Valentina Canavesio : PASAY CITY, Philippines, 29 June 2011 –
Despite much discussed economic growth in the Philippines before the global recession, more than 40 per cent of Filipino households live on less than $2 a day. To break the cycle of poverty, the Government has launched a five-year-long conditional cash transfer programme known as the ‘Pantawid Pamilyang Pilipino Programme’ or ‘4Ps’.
It is a poverty reduction and social development strategy that provides conditional cash grants to the country’s poorest households in order to improve their health, nutrition and education, particularly for children under the age of 14.
The 4Ps provides families with $140 a year per household for health and nutrition expenses and $70 per child for educational expenses – up to three children per household – as long as they comply with the conditions.
© UNICEF video The cash transfer programme in the Philippines provides families with $140 a year per household for health and nutrition expenses, and $70 per child for educational expenses – up to three children per household.
“The six conditions of the programme are very much focused on children,” says UNICEF Representative in the Philippines Vanessa Tobin. “They focus on immunization of children, early child care and development, primary school attendance, de-worming, and on better parenting practices.” In addition, pregnant women must receive pre- and post-natal care and be attended during childbirth by a trained health professional.
Pasay City is one of the pilot areas for the programme. UNICEF is supporting the national and local governments in the programme’s implementation and monitoring.
Cash grants focus on children
Almeda Mantos, 35, is one of the beneficiaries of the programme. Her husband is an assistant mechanic and they have four children between the ages of 3 and 8. Before being selected for the programme, the whole family depended on her husband’s small salary.
© UNICEF video The conditional cash transfer programme known as the ‘Pantawid Pamilyang Pilipino Programme’ or ‘4Ps’is helping families improve health, education and nutrition in Pasay City, Philippines.
Now they are able to set money aside and the cash grant has enabled them to provide for their children better, making sure they have enough medicine, food and school items.
As a member of the Pasay community, Ms. Mantos has also been trained along with a group of local women to grow vegetables using hydroponics technology, which is the ability to grow plants without the use of soil. Instead plants grow in a bath or in highly oxygenated, nutrient-enriched water. This project aims to address the increasing number of poor families experiencing malnutrition and hunger, and to provide an additional source of income.

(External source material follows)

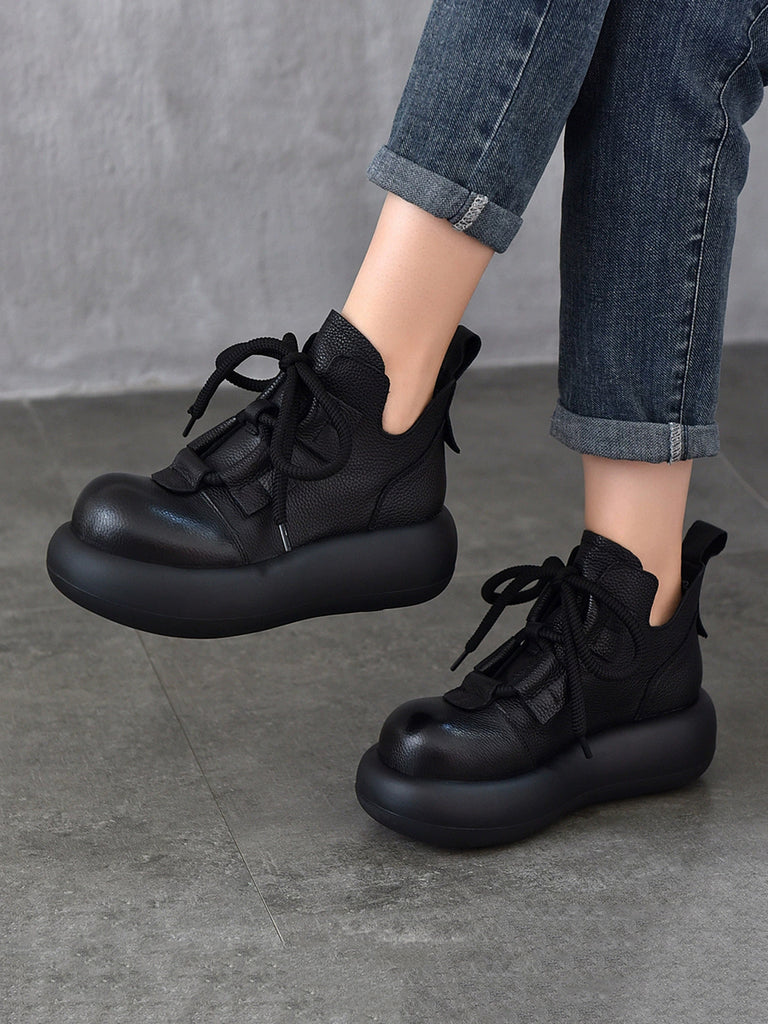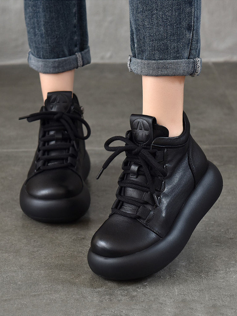 Women Autumn Pure Color Leather Zipper Platfrom Boots

UNICEF has been complementing the 4Ps by training community leaders to hold regular meetings. Besides learning good parenting skills, beneficiaries also participate in sessions on livelihood and business skills, and financial literacy. The hope is for beneficiaries to develop saving habits and invest in sustainable business activities.

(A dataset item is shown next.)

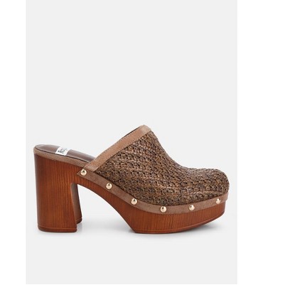 Sophisticated elegance and intricate craftsmanship! The raffia clogs are a classy yet rugged pair of shoes with woven detail on the vamp. The metallic studs add a touch of elegance to the design while the light cushion insoles cut strain and offer comfort to the feet. Type: Clogs Upper Material: Raffia Light Cushion Insoles Outer Sole: Pleather High Platform Block Heel Closed Round Toe Woven Vamp Textured Heel Stud Embellishments Slip On Style RCSH4740

© UNICEF video Local women in Pasay City, Philippines, have been trained to grow vegetables using water-based hydroponics technology in order to provide an additional source of income for their families.
Supporting small businesses
With the money they have saved and put in a common pool, Ms. Mantos and her peers have started their own small business selling rice. As the profits grow, they have plans to expand and sell cooked meat and snacks. Ms. Mantos can now foresee a brighter future for herself and her family.
For Ms. Tobin, this is exactly what the long-term goal of the UNICEF-supported project aims to achieve, enabling beneficiaries to break the cycle of poverty. “Our aim is to support that to obviously ensure that these children can directly benefit and then the next generation benefits immensely,” she says.